I was working up to Weakly Ordered with Hit-Under-Miss. By letting a CPU complete instructions while a load miss is pending, we’re now weakly ordered.

Here’s why: Assume CPU #0 does a Load to address A, which misses the cache. CPU #0 continues executing, and does a Load to address B, which hits the cache, and so that instruction retires. Then let’s assume there’s another miss, and now CPU #0 is stalled. Meanwhile, CPU #1 does a Store to address B, which misses in its cache, then a Store to address A which is a hit. We’ll assume A starts in CPU #1’s cache, and B starts in CPU #0’s cache.
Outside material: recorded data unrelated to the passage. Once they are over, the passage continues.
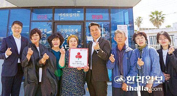 서귀포시 대천동 소재 강정어촌계식당(대표 이성애)은 최근 매장 앞에서 대천동지역사회보장협의체(공동위원장 김복신·정창용)와 제주사회복지공동모금회(회장 강지언)가 함께하는 '착한가게 캠페인'에 동참하고 현판 전달식을 가졌다.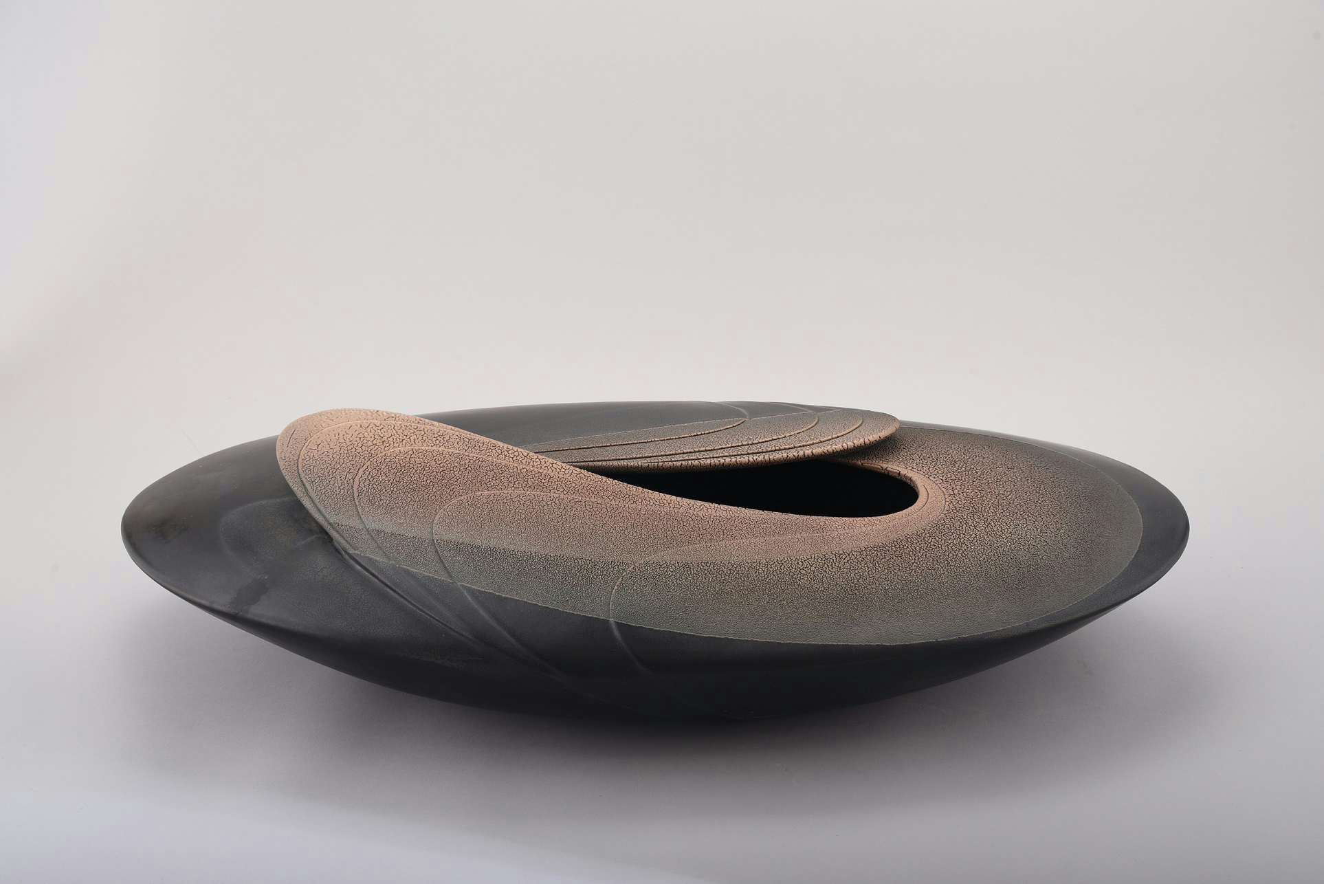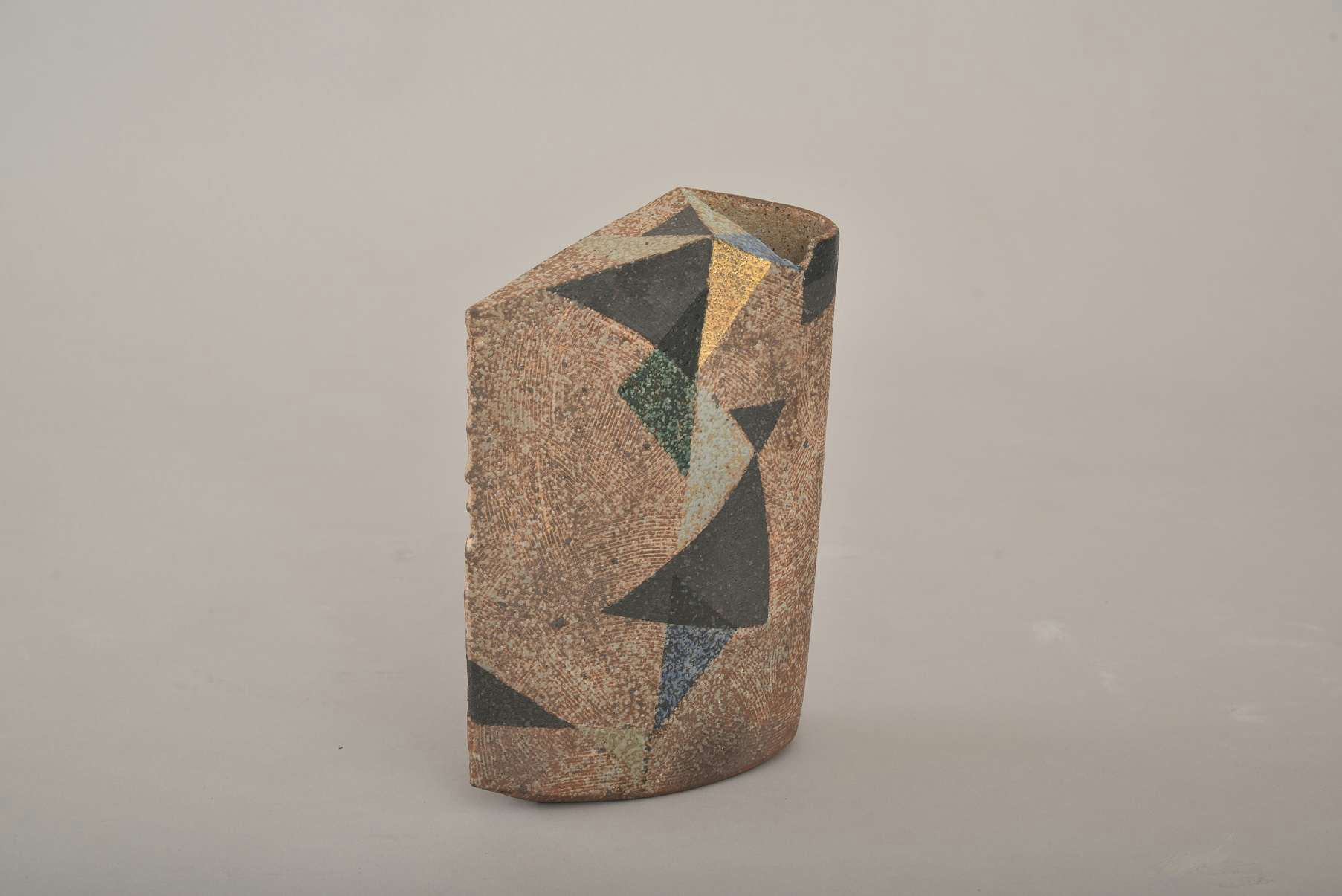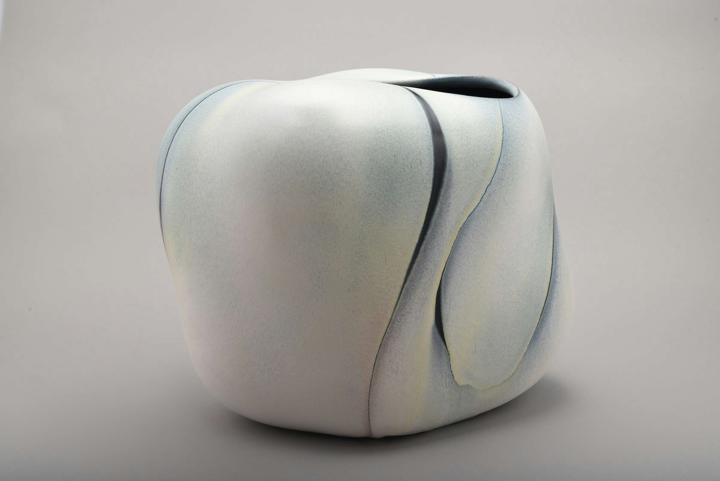 武蔵野美術大学彫刻科卒業以降、高浜市で創作活動を続けてきた森。釉薬の美しさを際立たせる造形、いぶし銀を柔軟に感じさせる幾何学的な構成、そして三河土の温もりを生かした彩色の作品は、やきものでありながら軽やかでしなやかな印象を与え、時代を経るごとに挑戦的なものから自然に溶け込むような緩やかなかたちへと変化している。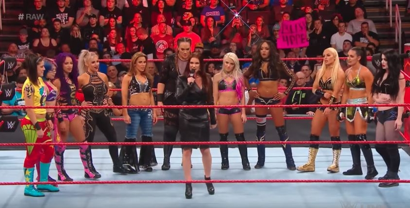 McMahon then turned to the wrestlers behind her and uttered, "All of you turned that revolution into an evolution." The female wrestlers on stage with McMahon were emotional when she made the announcement, and the entire audience cheered on.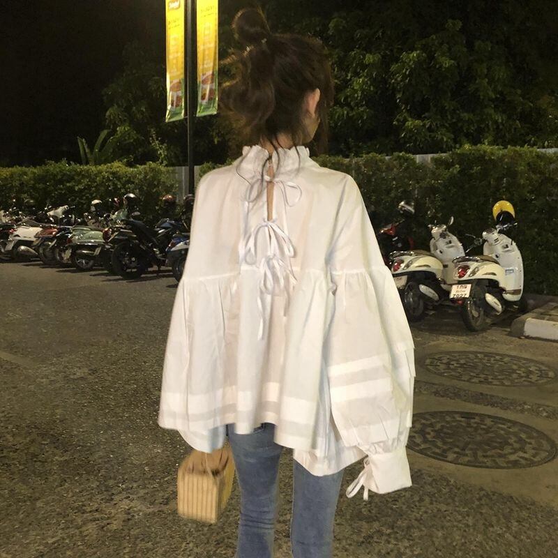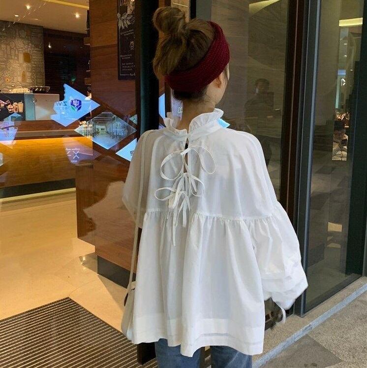 トップス シャツ ブラウス 白シャツ 白トップス 袖あり 長袖 ハイネック スタンドカラー フレア リボン 切り替えデザイン バックシャン バックコンシャス かわいい 大人可愛い きれいめ シンプル カジュアル 大人 上品 おしゃれ お洒落 レトロ 大人可愛い 大人女子 こなれ感 ラフ マニッシュ ラブリー キュート ガーリー ルーズ 個性的 モダン 主役級 存在感 抜け感 無地 春 秋 冬 10代 20代 30代 40代 レディース 女性用 ママ オフィス ビジネス OL 通勤 学生 通学 デート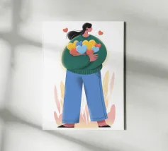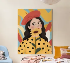 Dieses Kunstwerk zeigt eine Person mit kurzen blonden Haaren, die eine geblümte Jacke trägt und ein Buch hält. Der leuchtend gelbe Hintergrund unterstreicht die schicke und stilvolle Essenz.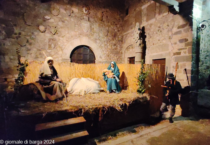 Questo e tanto altro lungo via del Pretorio. Ad arricchire il tutto in musica, i musicanti della Filarmonica Luporini di Barga e, ad aprire la strada alla Sacra Famiglia, lo zampognaro Dario Landi. Sacra famiglia impersonata da Giorgio cella con la moglie Monica Simi e poi completata dalla natività dalla piccola Iris Bertolini nelle vesti di Gesù Bambino e con il simpatico asinello, messo a disposizione da Federico Biagioni.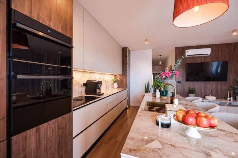 Penthouse ve Višnjiku – 3 ložnice, 110 m², plně zařízený, 2 garážová stání, výtah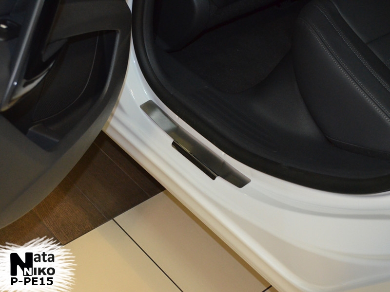 Накладки на пороги - предназначены для защиты лакокрасочного покрытия порогов Peugeot 508 2011+. Накладки от компании "Nata-Niko" производятся из высокопрочной нержавеющей стали (0,5 мм) которая уменьшит воздействие на покрытие порогов или скроет уже имеющиеся дефекты. Накладки вырезаются лазером, что обеспечивает максимальное прилегание к кузову автомобиля. Установка производится на 3М-скотч (входит в комплектацию). После установки накладка надежно фиксируется на кузове автомобиля.
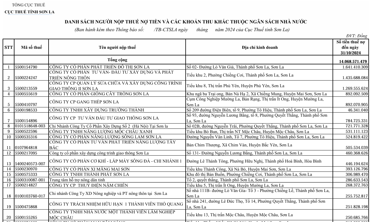 Đứng đầu danh sách là Công ty CP phát triển đô thị Sơn La (địa chỉ: Số 02 đường Lò Văn Giá, thành phố Sơn La, tỉnh Sơn La, mã số thuế 5500154790) nợ số tiền hơn 1,6 tỷ đồng.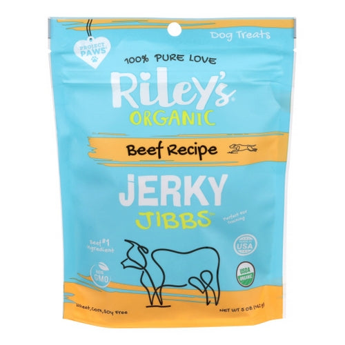 Riley’s organic beef jerky jibbs are the perfect way to return the love dog gives every day. Certified organic, jibbs are low in calories and perfect for training. These delicious treats are given a four paws vote of approval by dogs of all sizes. When you want to give best friend the very best, make it riley’s.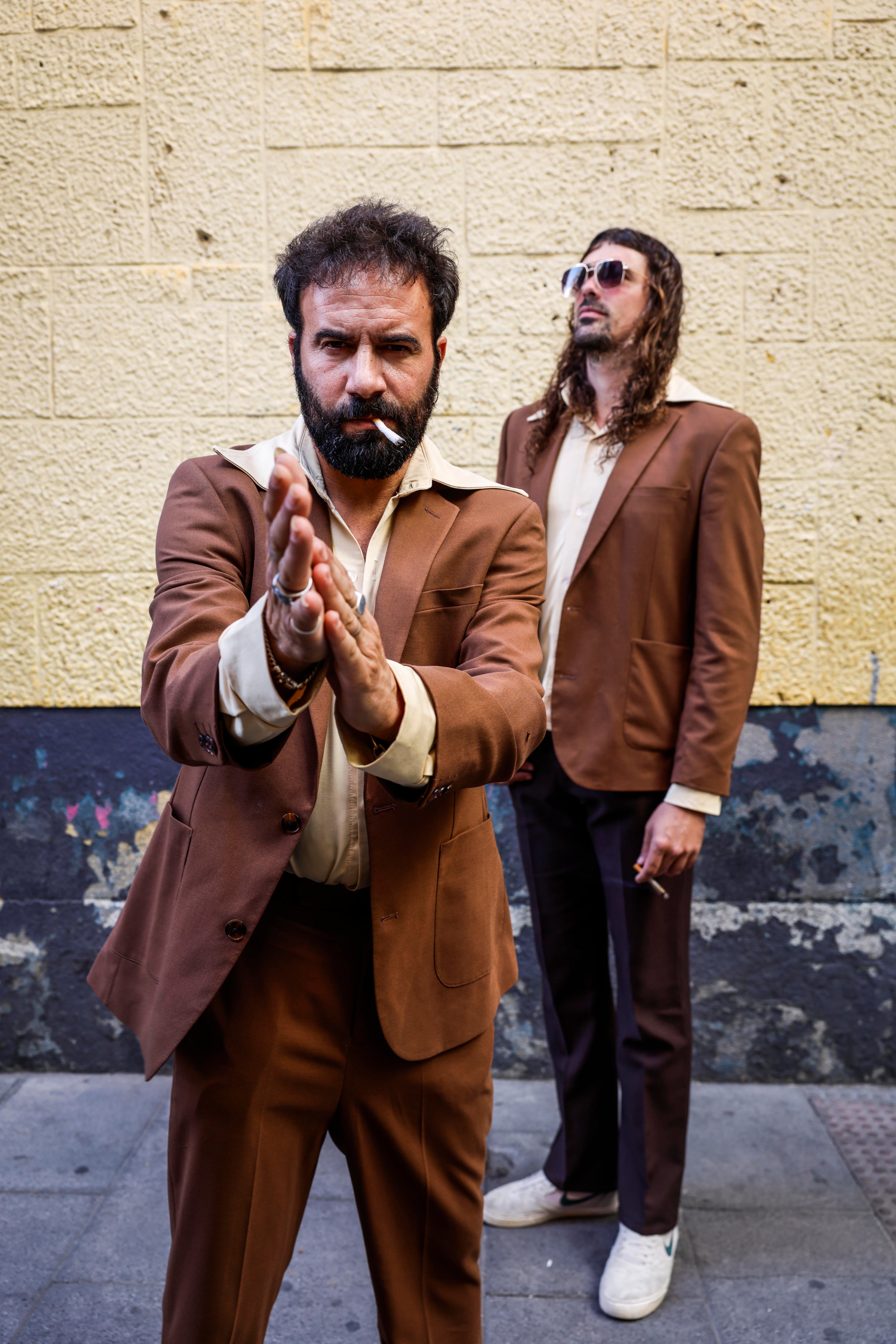 Drama: no encuentran papelillos para fumar. Se palpan los dos sus chaquetas, pero nada. Buscan con los ojos algún estanco o bazar donde comprar. Ninguno de estos establecimientos a la vista. “Ey, sabía que los tenía en algún lugar”, anuncia de repente Íñigo Bregel, con la misma alegría que le produciría encontrar su tarjeta visa que creía extraviada, y saca los ansiados papelillos de un bolsillo del pantalón. El Canijo de Jerez respira aliviado. “¿Podemos posar con un porro?”, pregunta al fotógrafo de EL PAÍS. Son las 18.00 y la tarde luce agradable en el centro de Madrid. Los dos músicos se desperezan después de una noche larga que no acabó hasta las cinco de la madrugada. Se han puesto unos trajes de rumberos setenteros: de corte entallado, color ocre, con cuellos exagerados. Al Canijo el pantalón le queda grande, a Bregel, que mide 1,93, pequeño. Compró los trajes por Amazon la prima del Canijo. Así de chiripitifláutico es todo con estos tipos.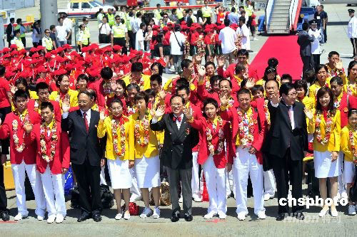 中新網(wǎng)8月29日電 北京奧運(yùn)會(huì)國家隊(duì)金牌運(yùn)動(dòng)員代表團(tuán)于29日中午11時(shí)許抵達(dá)香港。香港特首曾蔭權(quán)前往迎接。

Effectively, the above all happens in parallel at once. CPUs are allowed to operate mostly independently, with delayed resolution of coherency. A simple way to view coherency is that it’s resolved at the DDR memory controller in an arbitrary order (generally, coherency is managed elsewhere, but there’s always an ordering point somewhere, so let’s just imagine it’s at the DDR controller). So at our DDR memory controller, we’re going to get a Load to A and a Store to B. Let’s just do them in that order. To give CPU #0 the A data, DDR needs to “snoop” CPU #1, and make it give up that cacheline first. So DDR asks CPU #1 for the line, and CPU #1 gives DDR back the new modified data (its Store to A has committed). DDR then gives this data to CPU #0, which will then allow CPU #0 to complete is Load to A.

DDR then processes the Store to B miss from CPU #1. DDR needs to snoop CPU #0, and CPU #0 just gives up the line (or provides modified data if it was previously modified). DDR can then return B to CPU #1.

(How does DDR know where the valid data is? It either keeps track of it in some sort of structure; or it just asks all CPUs all the time; or some combination of the two. This is an interesting problem.).

Coherency is maintained, our instructions are complete.

In a Strongly-ordered system, all instructions across all CPUs would have a logical ordering. There are only so many combinations of CPU #0’s Load A; Load B can be ordered with respect to CPU #1’s Store B; Store A. It’s tedious to list them all, but here are some example: 0: Load A; 0: Load B; 1: Store B; 1: Store A (just assume CPU #0’s instructions all happened first); or: 1: Store B; 1: Store A; 0:Load A; 0:Load B (just assume CPU #1’s instruction all happened first); or perfectly interleaved: 0: Load A; 1: Store B; 0: Load B; 1: Store A.

What’s interesting is to describe an impossible Strongly-Ordered case: 0: Load B; 1: Store A; 0: Load A; 1: Store B. CPU #1’s instructions must be ordered Store B then Store A, so a global order of CPU #1’s stores cannot be Store A then Store B.

But I’ve just given the results our DDR controller and current pipeline would give. CPU #0 sees an old value for its Load B since it hits in the cache. But CPU #0’s Load A does get the new value of A from CPU #1, since the Store A executed first on CPU #1 (it hit in the cache). If CPU #1 was writing to B to write some info; and then wrote to A to say, “Info is valid”, and if CPU #0 was reading A to see if “Info is valid”, and reading B to get the info, then we’ve just seriously broken the software ordering. Because CPU #0 thinks “Info is valid”, but it read an old stale value.

This is exactly what Weakly Ordered systems do. They do not give a guarantee of global ordering semantics UNLESS you put in a barrier instruction to indicate that you care about ordering of instructions. Let’s call this MBAR, for Memory BARrier.

In this case, both CPU #0 and CPU #1 need MBAR. CPU #0’s sequence would be Load A; MBAR; Load B, and CPU #1’s sequence would be Store B; MBAR; Store A. What MBAR does is stop the execution of later instructions until all previous instructions are committed to be ordered as completed. This fixes this case.

But what does MBAR do? It basically stops hit-under-miss. So, if you care about ordering, you have to sprinkle in MBARs to stop hit-under-miss. But if you don’t care about ordering, you don’t need MBAR and you can take advantage of hit-under-miss.

You’re probably thinking the compiler inserts these MBARs when necessary and programmers can just ignore this stuff. Unfortunately, that’s generally not true.


The CPU pipeline design I just laid out in the previous post was the pinnacle of 1989 RISC design. Mostly.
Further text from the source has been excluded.